───── DATASET EXTRACT ─────

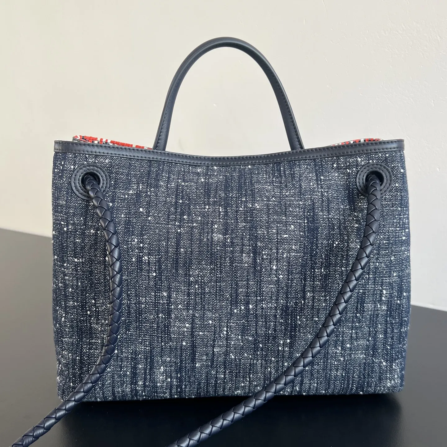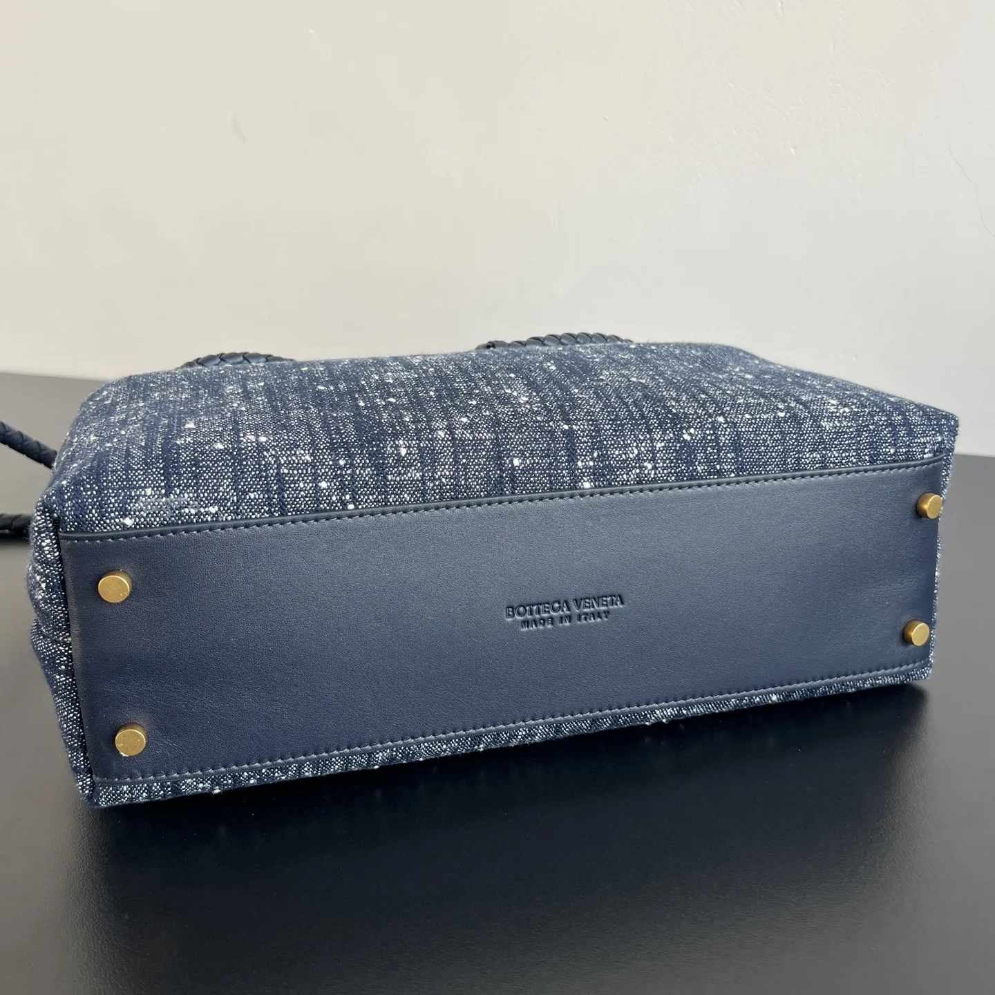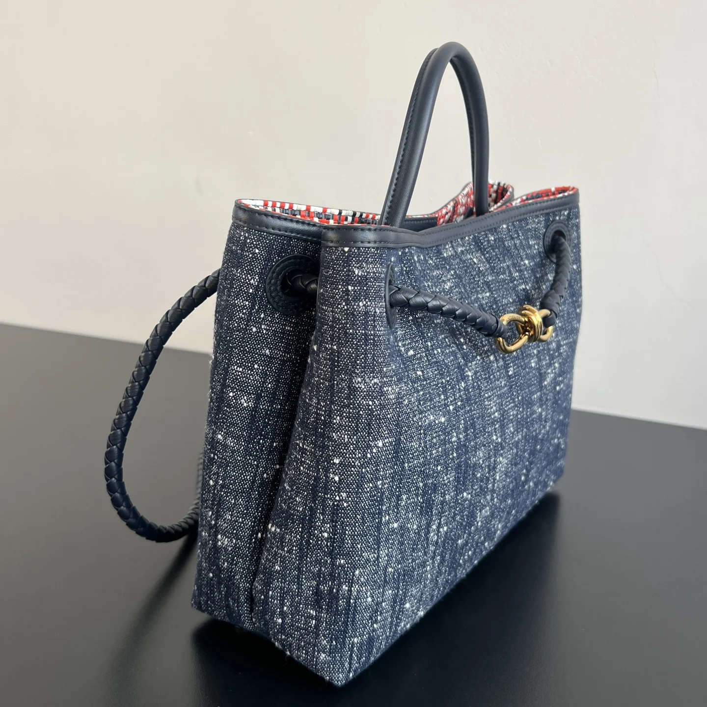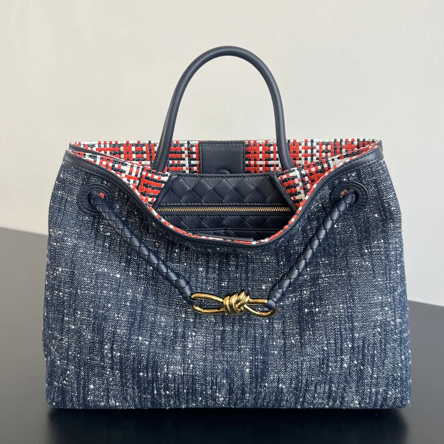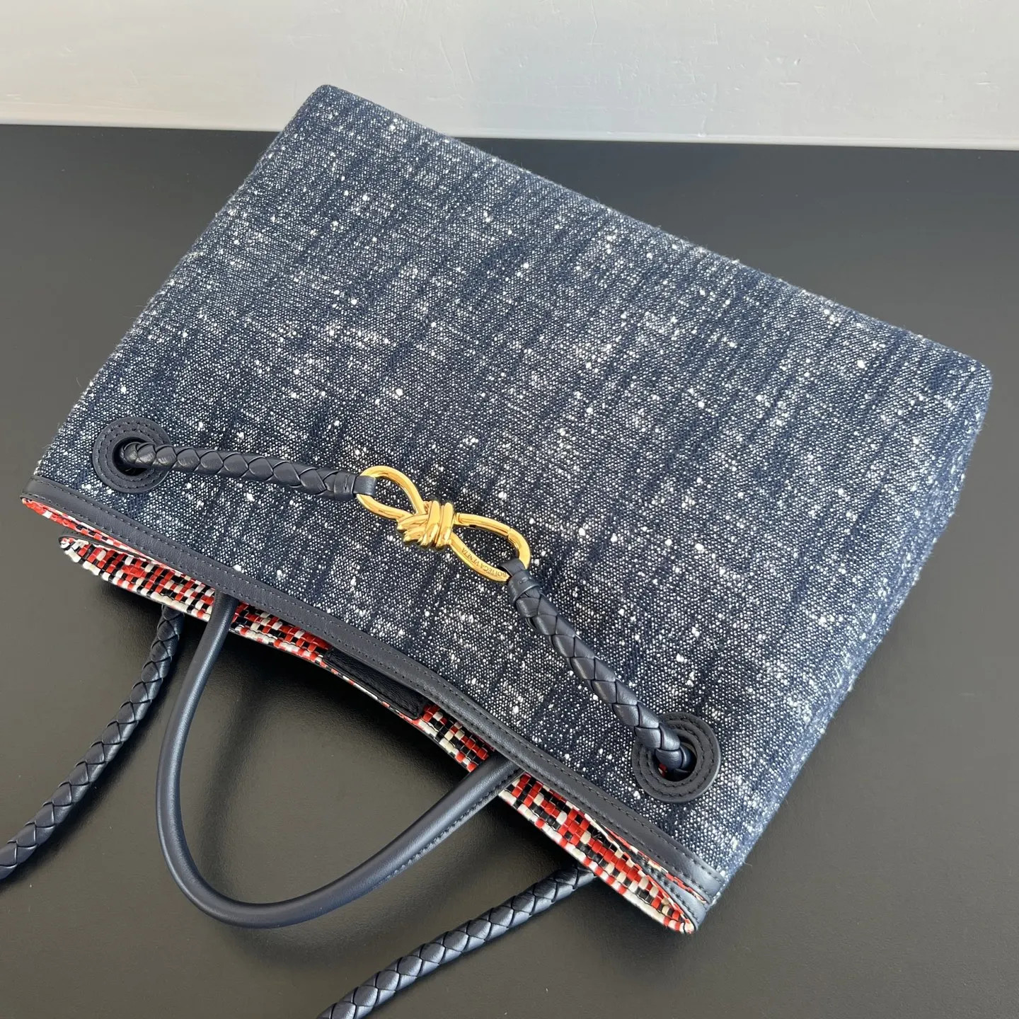 BV新品 Andiamo丹尼牛仔布836381 毛圈牛仔布自带复古做旧感 搭配编织皮肩带和标志性的扭结金扣 随性又不失精致度包口的维希格纹内衬是点睛小细节 颜色俏皮时髦 空间充足 容量王者实锤 同轴编织肩带任意切换背法 百搭百变随心所欲 毫不费力松弛时髦感 牛仔控必入 尺寸 35x25x11
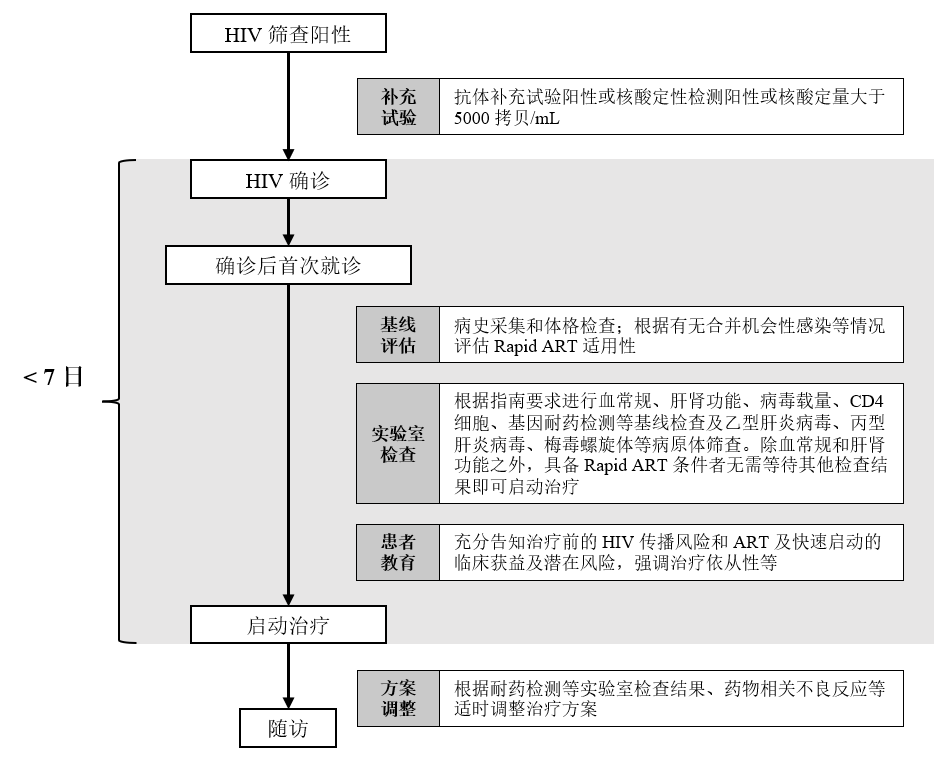 快速启动ART前,同样需进行必要的基线评估和充分的患者教育。对于确认具备快速启动条件的患者,可在病毒载量、CD4细胞计数等基线实验室检查结果出具之前启动ART,并按照现行诊疗指南要求在启动治疗后2-4周内进行复诊。及时追踪各项实验室检查结果,必要时根据实验室检查结果(如耐药检测报告)调整药物方案。
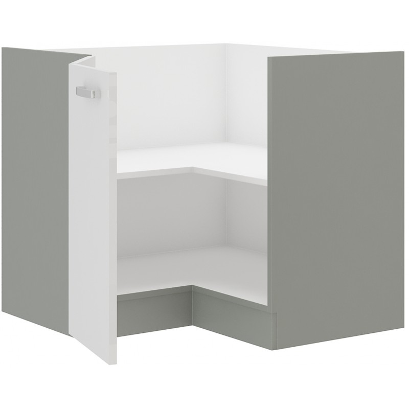Spodní rohová kuchyňská skříňka je vyrobena z lamina tloušťky 16 mm bílé lesklé barvy. Korpus skříňky je v šedém provedení. Skříňka je vyrobena z kvalitních MDF desek a uvnitř najdete jednu polici. Skříňka má kovový úchyt (délka 135mm) a dvířka jsou vybavena systémem tichého zavírání. Poskládejte si z naší bohaté nabídky skříněk moderní a designovou kuchyň podle Vašich představ. V doplňkových fotografiích najdete pro inspiraci fotky kuchyní, které jsou z těchto skříněk sestaveny. Skříňka je dodávaná v demontu. Součástí je montážní plánek včetně všech potřebných spojovacích materiálů.

─────

* [REQUIRED ACTION]: Write out the data above exactly as it appears, but without any image.

* [RESULT]:
 BV新品 Andiamo丹尼牛仔布836381 毛圈牛仔布自带复古做旧感 搭配编织皮肩带和标志性的扭结金扣 随性又不失精致度包口的维希格纹内衬是点睛小细节 颜色俏皮时髦 空间充足 容量王者实锤 同轴编织肩带任意切换背法 百搭百变随心所欲 毫不费力松弛时髦感 牛仔控必入 尺寸 35x25x11
 快速启动ART前,同样需进行必要的基线评估和充分的患者教育。对于确认具备快速启动条件的患者,可在病毒载量、CD4细胞计数等基线实验室检查结果出具之前启动ART,并按照现行诊疗指南要求在启动治疗后2-4周内进行复诊。及时追踪各项实验室检查结果,必要时根据实验室检查结果(如耐药检测报告)调整药物方案。
Spodní rohová kuchyňská skříňka je vyrobena z lamina tloušťky 16 mm bílé lesklé barvy. Korpus skříňky je v šedém provedení. Skříňka je vyrobena z kvalitních MDF desek a uvnitř najdete jednu polici. Skříňka má kovový úchyt (délka 135mm) a dvířka jsou vybavena systémem tichého zavírání. Poskládejte si z naší bohaté nabídky skříněk moderní a designovou kuchyň podle Vašich představ. V doplňkových fotografiích najdete pro inspiraci fotky kuchyní, které jsou z těchto skříněk sestaveny. Skříňka je dodávaná v demontu. Součástí je montážní plánek včetně všech potřebných spojovacích materiálů.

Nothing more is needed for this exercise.